Task → Pictures stay out of the output. Return exactly the lines below from the one with "Миди платье из" down to the one with "Sliding - 힙에서", both included, and nothing more.

Start of Task material

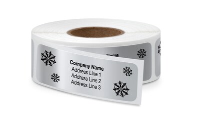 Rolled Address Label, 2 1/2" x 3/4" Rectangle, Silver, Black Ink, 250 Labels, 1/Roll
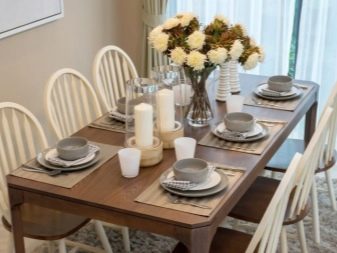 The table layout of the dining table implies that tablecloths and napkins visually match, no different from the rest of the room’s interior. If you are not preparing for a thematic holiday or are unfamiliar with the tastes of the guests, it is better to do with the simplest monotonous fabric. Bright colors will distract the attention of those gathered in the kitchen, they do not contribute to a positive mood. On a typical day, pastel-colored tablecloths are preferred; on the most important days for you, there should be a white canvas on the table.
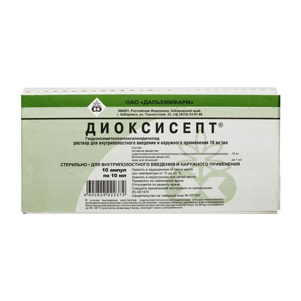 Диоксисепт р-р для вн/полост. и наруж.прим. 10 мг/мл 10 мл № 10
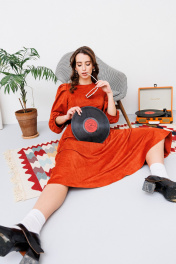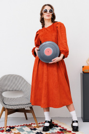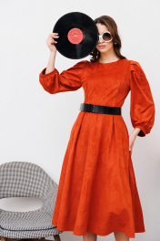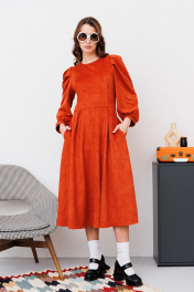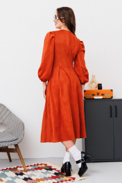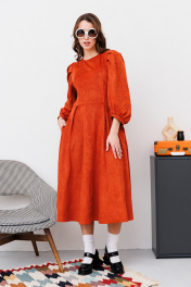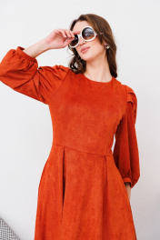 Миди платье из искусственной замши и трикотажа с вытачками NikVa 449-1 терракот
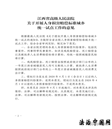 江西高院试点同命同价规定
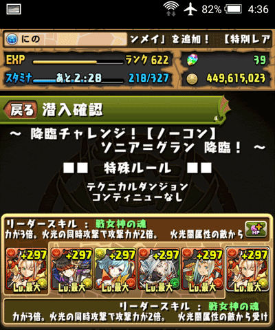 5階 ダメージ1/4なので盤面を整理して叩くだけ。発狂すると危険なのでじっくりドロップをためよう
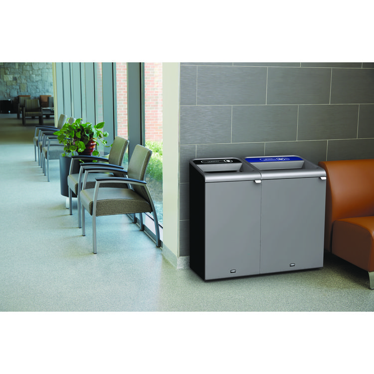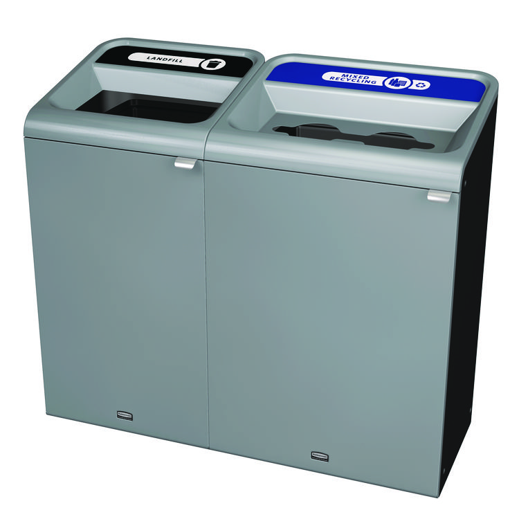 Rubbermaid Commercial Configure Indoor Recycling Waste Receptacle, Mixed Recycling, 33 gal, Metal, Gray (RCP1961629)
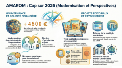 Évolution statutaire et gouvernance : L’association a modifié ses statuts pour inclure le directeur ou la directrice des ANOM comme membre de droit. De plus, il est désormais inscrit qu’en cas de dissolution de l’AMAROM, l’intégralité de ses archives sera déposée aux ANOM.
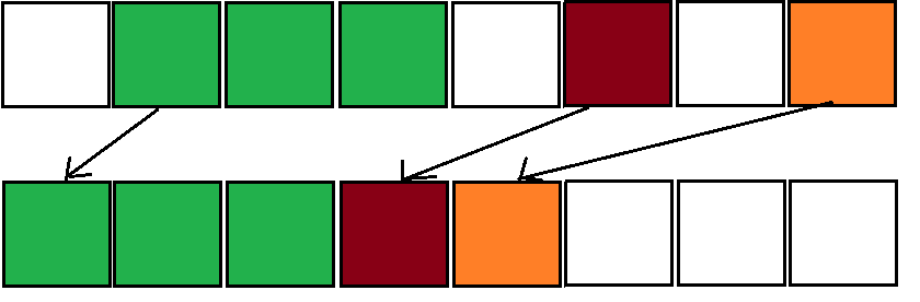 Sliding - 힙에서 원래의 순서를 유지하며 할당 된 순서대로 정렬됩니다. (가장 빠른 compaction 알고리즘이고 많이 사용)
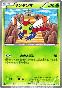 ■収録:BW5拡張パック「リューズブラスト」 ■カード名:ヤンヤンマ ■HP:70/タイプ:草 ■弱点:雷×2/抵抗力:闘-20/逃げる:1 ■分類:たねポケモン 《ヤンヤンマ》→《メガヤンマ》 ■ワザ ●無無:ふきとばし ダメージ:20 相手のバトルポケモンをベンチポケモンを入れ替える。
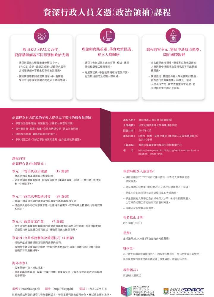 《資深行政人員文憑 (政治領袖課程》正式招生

End of Task material

Solution to this problem →
 Миди платье из искусственной замши и трикотажа с вытачками NikVa 449-1 терракот
 江西高院试点同命同价规定
 5階 ダメージ1/4なので盤面を整理して叩くだけ。発狂すると危険なのでじっくりドロップをためよう
 Rubbermaid Commercial Configure Indoor Recycling Waste Receptacle, Mixed Recycling, 33 gal, Metal, Gray (RCP1961629)
 Évolution statutaire et gouvernance : L’association a modifié ses statuts pour inclure le directeur ou la directrice des ANOM comme membre de droit. De plus, il est désormais inscrit qu’en cas de dissolution de l’AMAROM, l’intégralité de ses archives sera déposée aux ANOM.
 Sliding - 힙에서 원래의 순서를 유지하며 할당 된 순서대로 정렬됩니다. (가장 빠른 compaction 알고리즘이고 많이 사용)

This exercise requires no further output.